Genomecomb moved to github on https://github.com/derijkp/genomecomb
with documentation on https://derijkp.github.io/genomecomb.
For up to date versions, go there. These pages only remain here for the data on the older scientific
application (or if someone really needs a long obsolete version of the software)
multicompar
Prepare samples
Sort data, Convert variations and gene annotation information to
one annotated variation file called
- one variation (2 alleles) per line
- including gene information for the variations that have it It
also creates
- region files such as the ref-(in)consistent regions and
clusters of variations are located
- some (genome) coverage data
cg process_sample originalsampledir sampledir dbdir ?force?

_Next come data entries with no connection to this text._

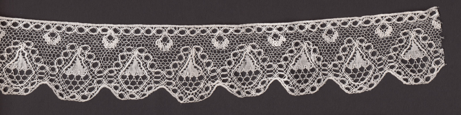 Mnohopárová čipka, typ krajnianský. Základom je riečička pletená tylovou väzbou, do ktorej sú plátenkovou väzbou vplietené motívy. Vzory sú zdôraznené hrubšou niťou. Čipka je ukončená zúbkami s veľkými okami.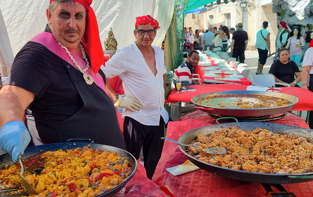 Además de los numerosísimos “comedores” al aire libre rodeados de los humos de las parrillas donde se asan churrascos y “de todo” para disfrute de las cuadrillas de piratas bien ataviados con la vestimenta adecuada en la mayoría de los casos, se suceden los espectáculos callejeros como la llegada del “Bella Helenes”, galeón inglés al que Don Jerónimo Biquet con su “Sagrada Familia” que era un barco pesquero con marineros voluntarios a bordo, le dio para el pelo en la realidad histórica.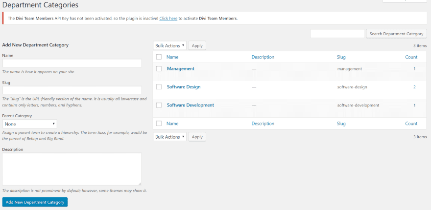 Department Categories works the same as normal WordPress Categories. Add the name, slug, parent, description, etc.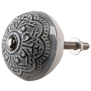 Gałka do drzwi w stylu vintage, Clayre & Eef 65303, Ø 4 cm, szara, ceramiczna, zestaw 4 sztuk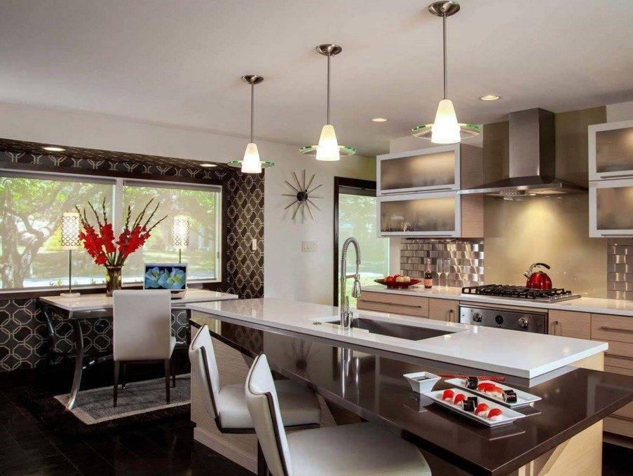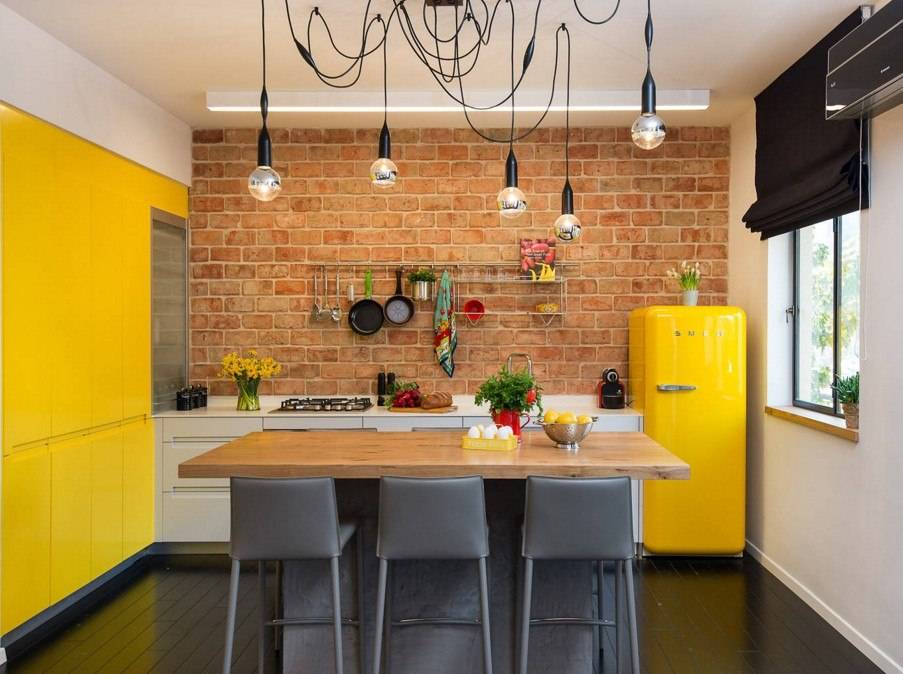 Современной кухне – современные материалы. Отделка любая: индустриальная кирпичная кладка лофта или обои – нужно лишь брать в расчет необходимость ухода (ровную поверхность проще протирать, нежели фактурную). Пол выложите плиткой, камнем или паркетной доской – все эти материалы ударопрочные, но в последнем случае в обязательном порядке должно быть влагоотталкивающее покрытие.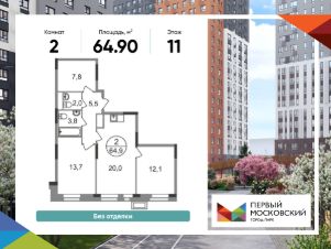 Продается двухкомнатная квартира без отделки в 9 фазе города-парка "Первый Московский".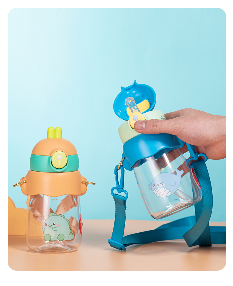 600ML卡通鹿角可爱儿童塑料杯便携背带弹盖吸管水杯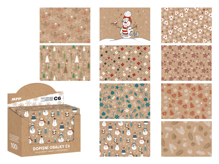 Celoplošně potištěné, vánoční, dopisní obálky C6 (KRAFT). Posíláte rádi dopisy? Pořiďte si u nás tyto krásné dopisní obálky a nezapomeňte si u nás také koupit dopisní papír a propisku!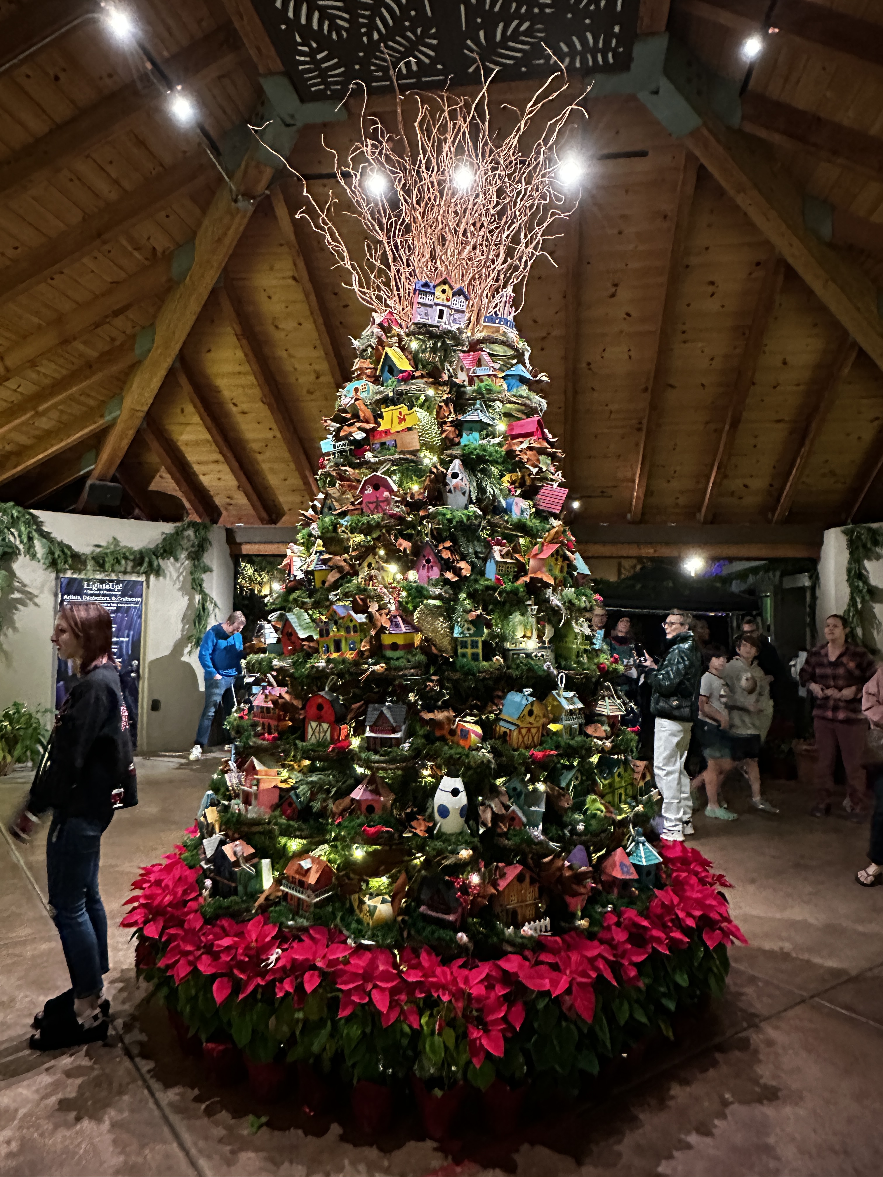 After showing our tickets, which were on my phone, the first thing we encountered was a Christmas tree decorated with bird houses.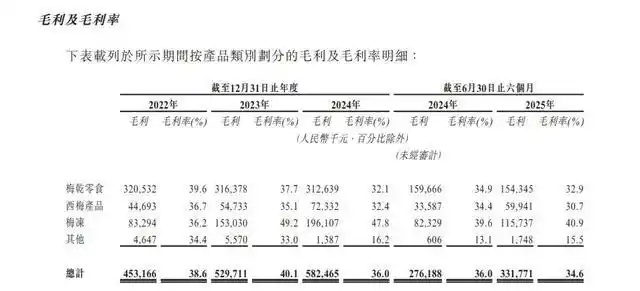 与高营销投入形成反差的是,其核心产品毛利率呈下滑态势。作为营收支柱的梅干零食,毛利率从2022年的39.6%逐步降至2024年的32.1%;西梅产品的毛利率同步从36.7%下滑至32.4%;毛利率较高的梅冻产品,也从2023年的49.2%微降至2024年的47.8%。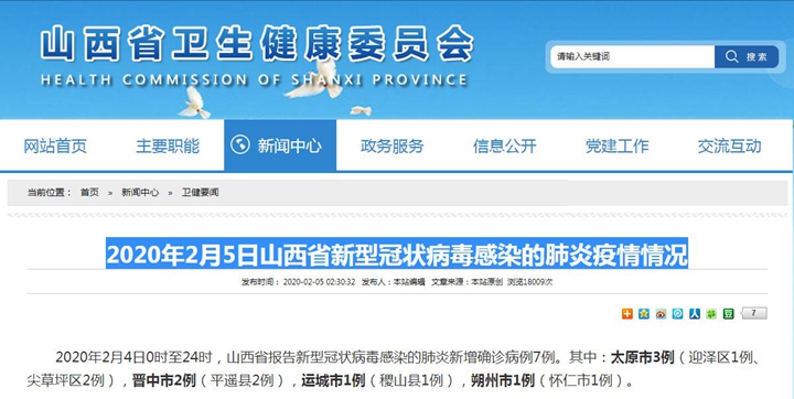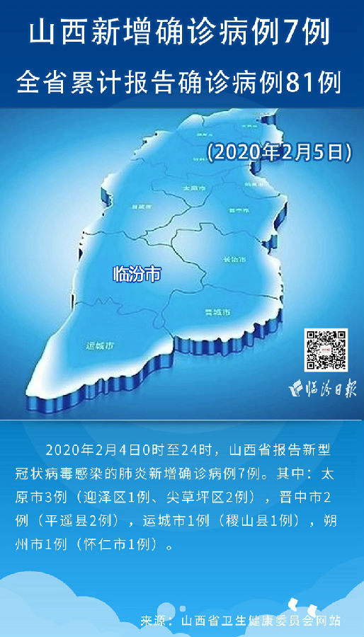 2020年2月4日0时至24时,山西省报告新型冠状病毒感染的肺炎新增确诊病例7例。其中:太原市3例(迎泽区1例、尖草坪区2例),晋中市2例(平遥县2例),运城市1例(稷山县1例),朔州市1例(怀仁市1例)。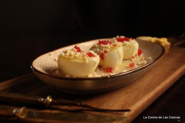 En el blog Cocina a Buenas Horas encontraremos una receta diferente de huevos rellenos. Y digo diferente porque estos se sirven calentitos. Fáciles de hacer como este tipo de receta: solo debes vaciar los huevos cocidos con cuidado de no romper las claras, rellenar con tomate frito u otras salsas con ingredientes adicionales mezclada previamente con atún. Rellenamos y le colocamos la bechamel, rallamos las yemas de huevo y servimos. Puedes ver al detalle la elaboración de esta receta haciendo clic a continuación: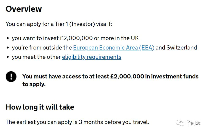 但是截至华闻君发稿时,在英国内政部关于200万英镑投资移民政策的相关网站上,依然没有关于暂停这个项目的信息,只是表示如果申请人能投资200万镑、申请人来自欧盟以外并且满足相关的要求,就能申请这个签证。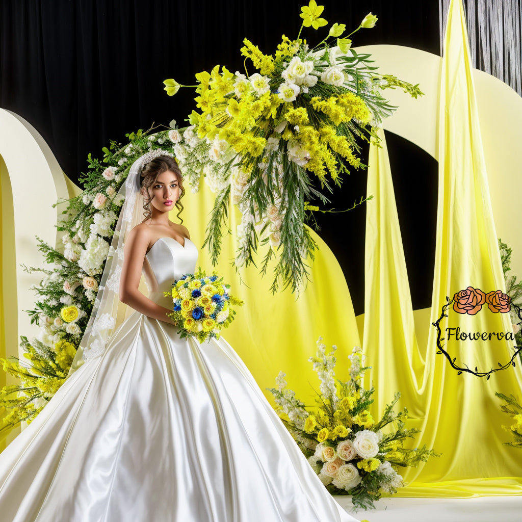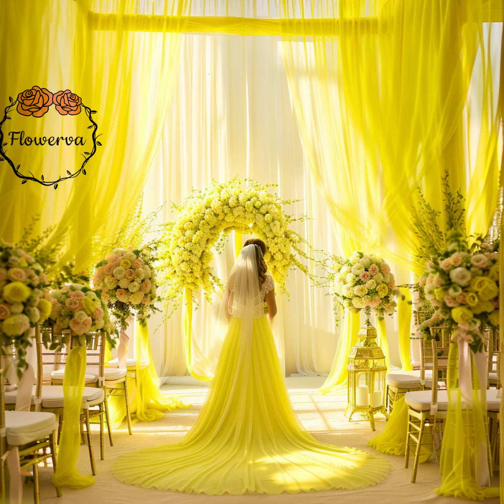 Normaler Preis Von $16.99 USDNormaler PreisGrundpreis / pro$17.99 USDVerkaufspreis Von $16.99 USDFlowerva Lemon Yellow Silk Sparkling Yarn Wedding&Party Stage Decoration Designer Fabric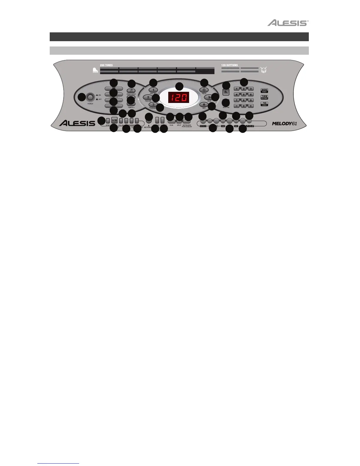 17. Números: Utilice estos botones para seleccionar un instrumento, ritmo, canción o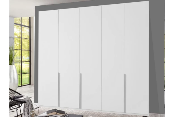 Šatníková skriňa z kolekcie New York D v kombinácii biela/biely lesk sa vyznačuje moderným minimalistickým dizajnom a navyše extra vysokou konštrukciou – do skrine tak môžete uložiť ďaleko viac vecí. Obsahuje 5 dverí, vnútorné police a šatníkové tyče. Možnosť doplnenia o ďalšie police.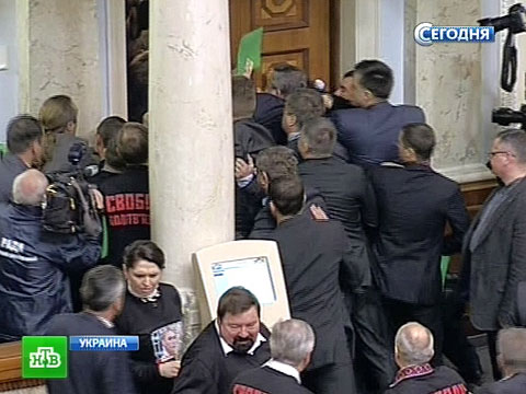 Новая Верховная рада начала работу со скандала. Депутаты устроили рукопашный бой, а активистки FEMEN в необычных нарядах попытались прорваться в здание парламента.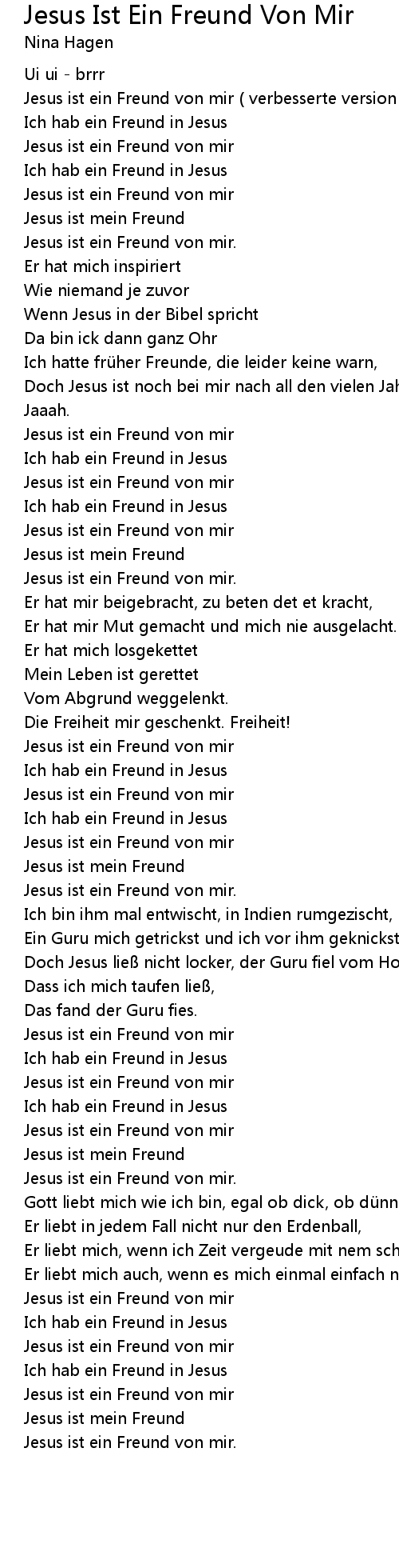| Jesus ist ein Freund von mir verbesserte version von Nina Hagen | |
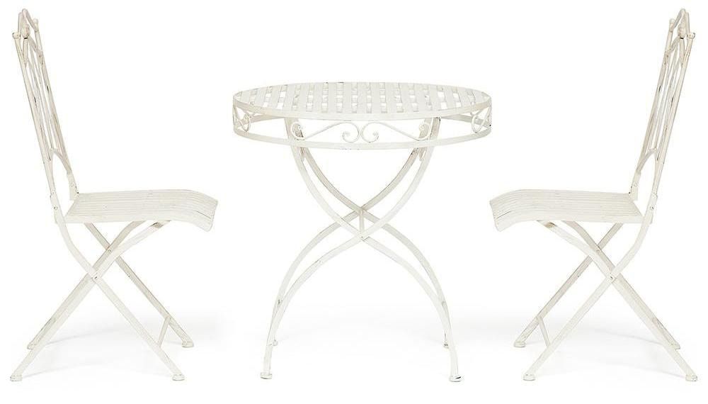 Материал: металл. Цвет: белый антик (antique white). Размеры: стол - 70х74,5 см, стул - 45х40,5х94 см Страна-производитель: Китай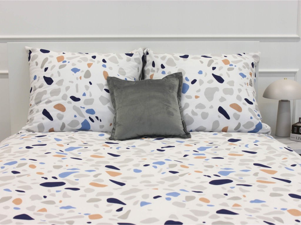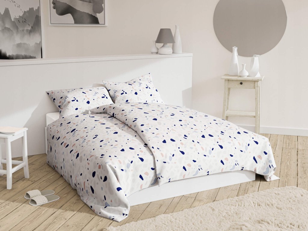 A Klarissa ágyneműhuzat fehér színben készül, szürke, kék és krémszínű mintával. A designos színének és mintájának köszönhetően eleganciát kölcsönöz minden hálószobának vagy gyerekszobának. Az ágynemű természetes anyagból, 100 % pamutból készül. A grammsúlya 120 g/m2, amely garantálja a termék optimális vastagságát. Az anyag struktúrája a lenre emlékeztet, matt, de kimosás után kellemes tapintású és puha lesz. Az ágynemű OEKO-Tex Standard 100 tanúsítvánnyal rendelkezik, amely garantálja a textil termékek biztonságosságát. Az ágynemű decens fehér cipzárral zárható. Mivel a cipzár műanyagból készült, ezért allergiások számára is megfelelő. Azért, hogy az ágyneműhuzat még hosszú évekig megőrizze a kinézetét, kérjük kifordítva mossa, behúzott cipzárral maximum 40°C-on. Szárítógépben szárítható és vasalni is lehet maximum 150°C-on.

- originalsampledir: is a directory with the sample data as it
comes from from CG, nothing will be changed in this dir
- sampledir: a directory with the sample data in genomecombs
formats, that will be created if not present yet; if present, files
not created yet will be added (e.g. after stopped job)
- dbdir: directory containing reference databases
- ?force?: if the parameter force is given, the command will
restart from the beginning, and redo every step. If not given, the
command will only create files that do not exist yet.
Important files in the resulting sample dir are:
- fannotvar-samplename.tsv: file containing the variant list with
annotations in tab separated format
- sreg-samplename.tsv: region file with the regions that are
considered as sequenced by CG
- coverage: directory containing files with genomewide coverage
(per chromosme) Other informative files in the resulting sample dir
are:
- reg_cluster.tsv: region file containing regions with
clustered variants
- reg_lowscore.tsv: region file containing regions with low
variant score
- reg_nocall.tsv: region file containing regions that contain
at least one nocall allele
- reg_refcons.tsv: region file containing regions that contain
at least one allele score as refconsistant / refinconsistent
(uncertain)
cg process_rtgsample originalsampledir sampledir ?force?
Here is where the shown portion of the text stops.